PROBLEM DETAILS:
Because the images are not wanted, restate every line below word for word without them.

GIVEN MATERIAL:
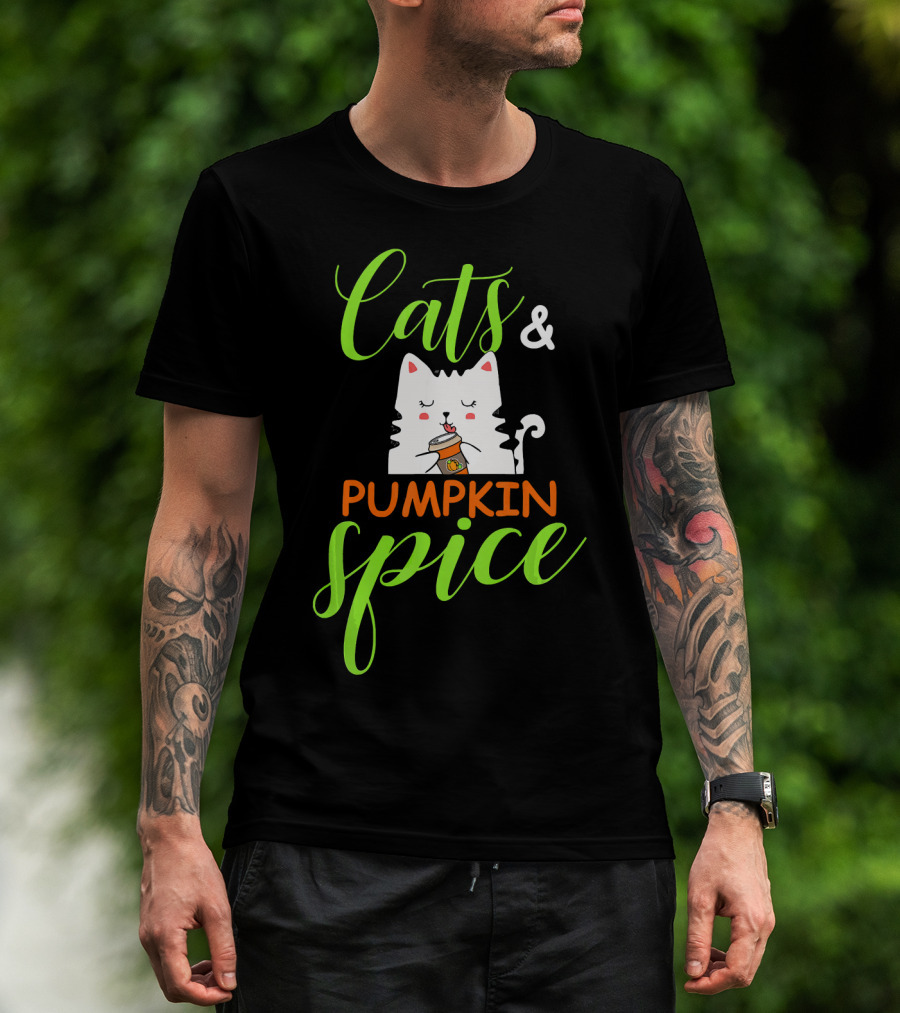 The Cats and Pumpkin Spice Fall Autumn Cozy Cat with Coffee Cup T-shirt is designed for everyday wear and a consistent fit. Fabric is pre-shrunk ring-spun cotton with durable stitching. See the size chart below for exact measurements.
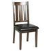 Designed for your cozy dining nook, the transitionally styled Mosely Collection will be a perfect fit. Vertical slat back chairs– featuring black faux leather seating with contour stitching – flank the routed tabletop. The five-piece dining collection isoffered in a dark brown cherry finish.
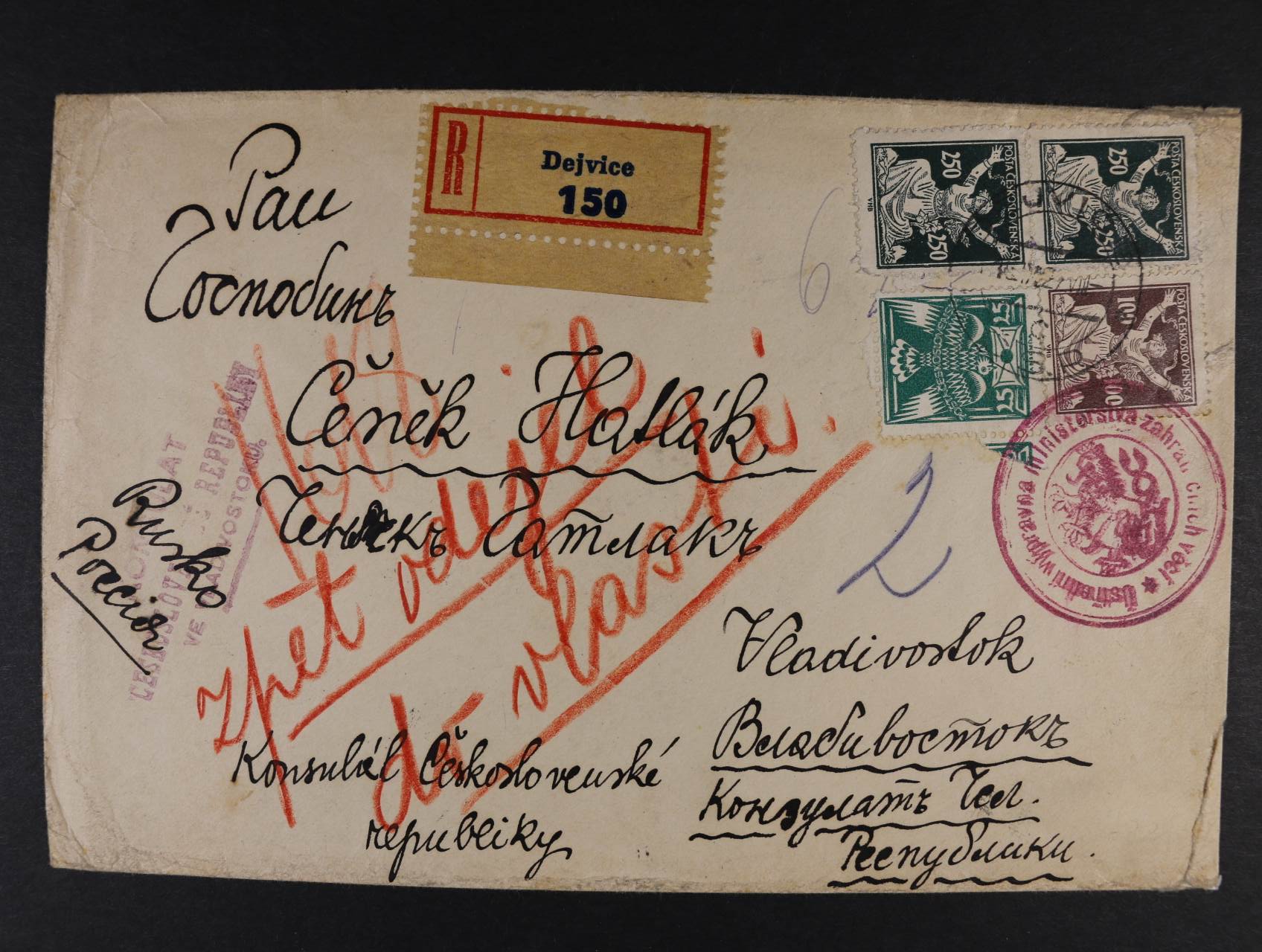 517 konzulární R-dopis do Vladivostoku frank. mj. zn. č. 158 + svislou dvoupáskou zn. č. 161, pod. raz. DEJVICE 16.9.22 + červené gumové úřední raz.Ústřední výpravna ministerstva zahraničí ... + řádkové přích. raz. KONZULÁT ČS. REPUBLIKY VE VLADIVOSTOKU 1300
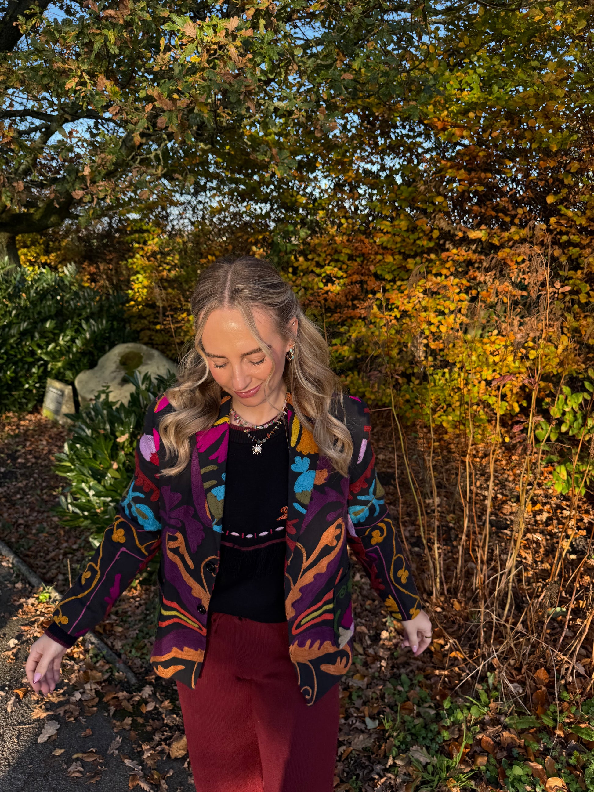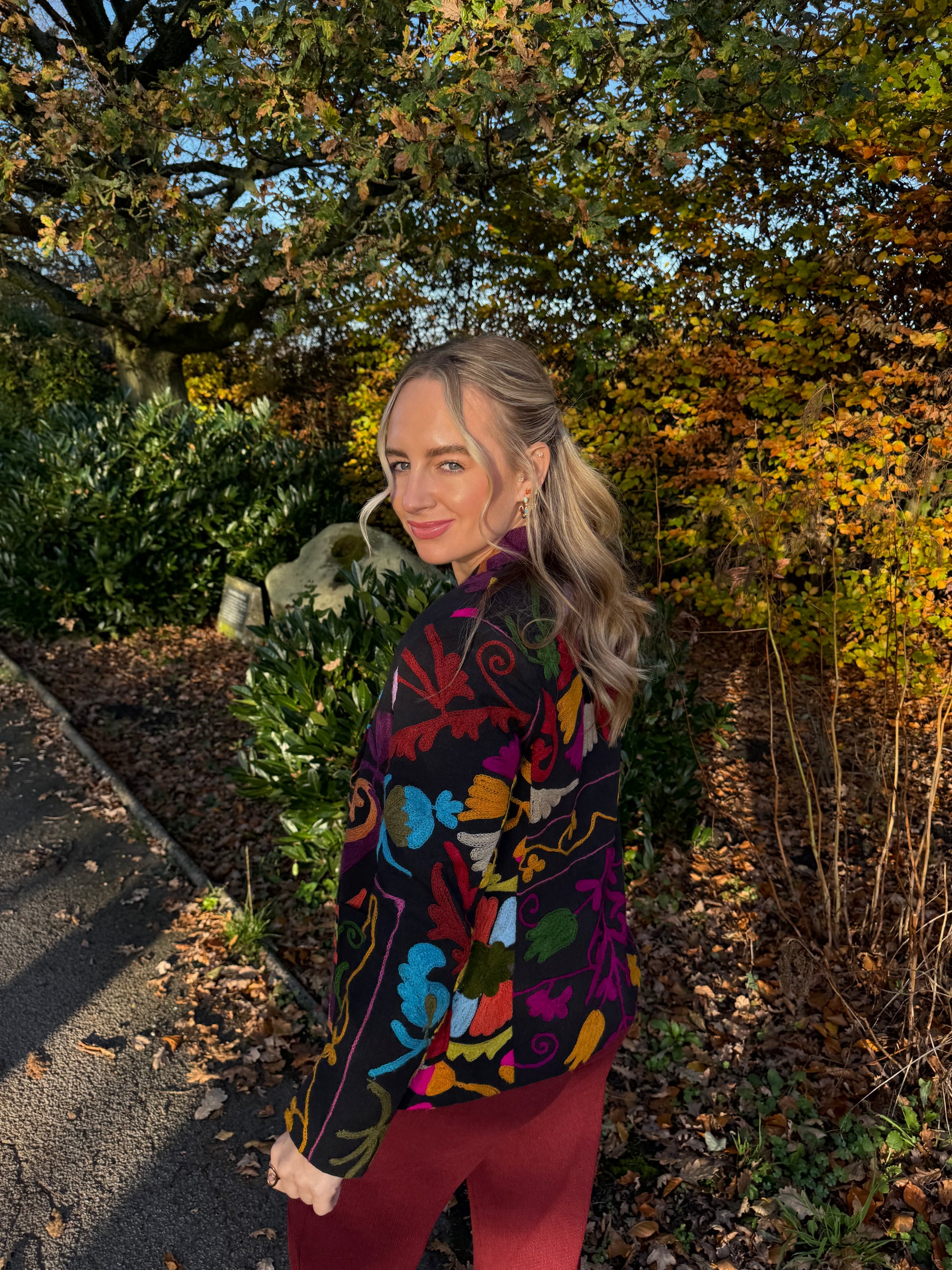 Using sourced vintage materials, we’ve created a stunning blazer that tells a story. Each fabric has lived a life before being upcycled into this unique design. Handmade by artisans in their homes, the slight imperfections in stitching and tracing print add character and authenticity, making each piece truly one-of-a-kind. Embrace the beauty of handmade craftsmanship and sustainable fashion with our Suzani blazer.

ANSWER TO THIS PROBLEM:
 The Cats and Pumpkin Spice Fall Autumn Cozy Cat with Coffee Cup T-shirt is designed for everyday wear and a consistent fit. Fabric is pre-shrunk ring-spun cotton with durable stitching. See the size chart below for exact measurements.
 Designed for your cozy dining nook, the transitionally styled Mosely Collection will be a perfect fit. Vertical slat back chairs– featuring black faux leather seating with contour stitching – flank the routed tabletop. The five-piece dining collection isoffered in a dark brown cherry finish.
 517 konzulární R-dopis do Vladivostoku frank. mj. zn. č. 158 + svislou dvoupáskou zn. č. 161, pod. raz. DEJVICE 16.9.22 + červené gumové úřední raz.Ústřední výpravna ministerstva zahraničí ... + řádkové přích. raz. KONZULÁT ČS. REPUBLIKY VE VLADIVOSTOKU 1300
 Using sourced vintage materials, we’ve created a stunning blazer that tells a story. Each fabric has lived a life before being upcycled into this unique design. Handmade by artisans in their homes, the slight imperfections in stitching and tracing print add character and authenticity, making each piece truly one-of-a-kind. Embrace the beauty of handmade craftsmanship and sustainable fashion with our Suzani blazer.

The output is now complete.